**INFORMATION GIVEN:**
────────
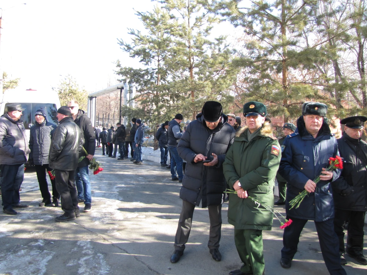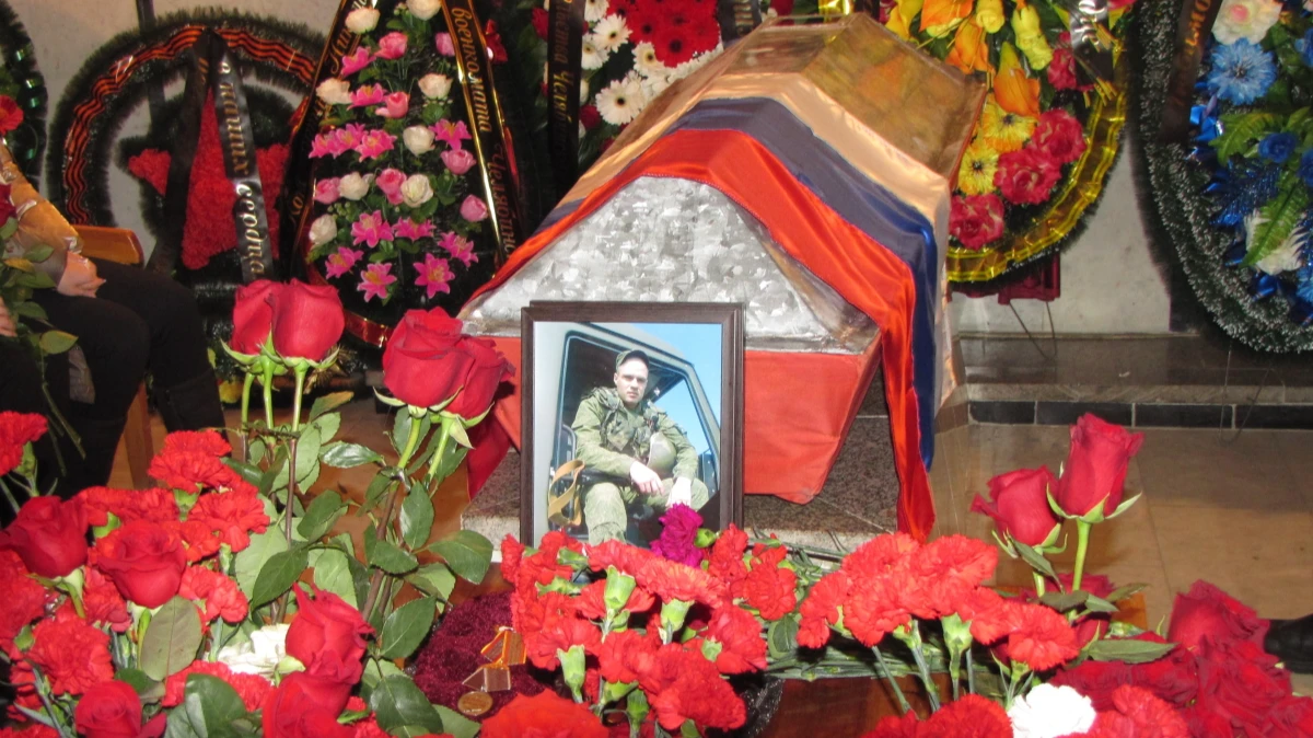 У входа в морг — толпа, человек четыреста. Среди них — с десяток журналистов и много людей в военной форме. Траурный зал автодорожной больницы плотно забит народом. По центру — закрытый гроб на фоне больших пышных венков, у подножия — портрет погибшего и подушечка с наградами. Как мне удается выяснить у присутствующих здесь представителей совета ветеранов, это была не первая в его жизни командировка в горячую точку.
────────
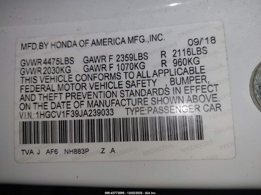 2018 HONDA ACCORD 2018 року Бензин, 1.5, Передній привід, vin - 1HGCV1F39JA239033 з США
────────
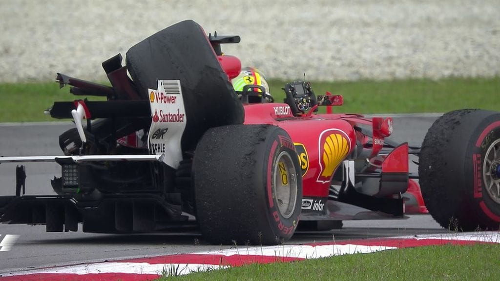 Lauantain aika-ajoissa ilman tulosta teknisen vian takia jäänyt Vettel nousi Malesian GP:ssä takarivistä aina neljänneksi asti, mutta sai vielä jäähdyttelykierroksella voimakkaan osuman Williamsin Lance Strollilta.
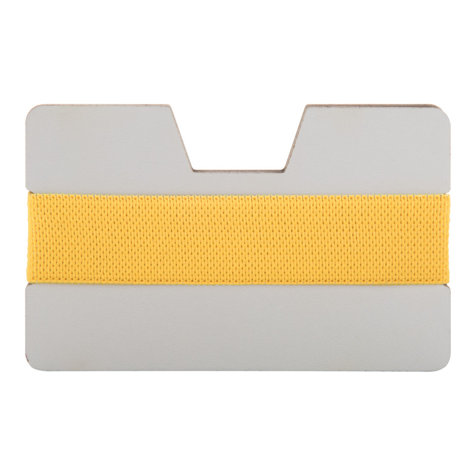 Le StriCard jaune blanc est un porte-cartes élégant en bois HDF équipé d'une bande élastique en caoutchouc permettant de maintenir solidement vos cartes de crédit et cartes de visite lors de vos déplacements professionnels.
────────
**DESCRIPTION OF THE TASK:** Restate word for word every line from the one with "Lauantain aika-ajoissa ilman" up to and including the one with "Le StriCard jaune" in the records above, minus the pictures.

**EXERCISE RESULT:**
 Lauantain aika-ajoissa ilman tulosta teknisen vian takia jäänyt Vettel nousi Malesian GP:ssä takarivistä aina neljänneksi asti, mutta sai vielä jäähdyttelykierroksella voimakkaan osuman Williamsin Lance Strollilta.
 Le StriCard jaune blanc est un porte-cartes élégant en bois HDF équipé d'une bande élastique en caoutchouc permettant de maintenir solidement vos cartes de crédit et cartes de visite lors de vos déplacements professionnels.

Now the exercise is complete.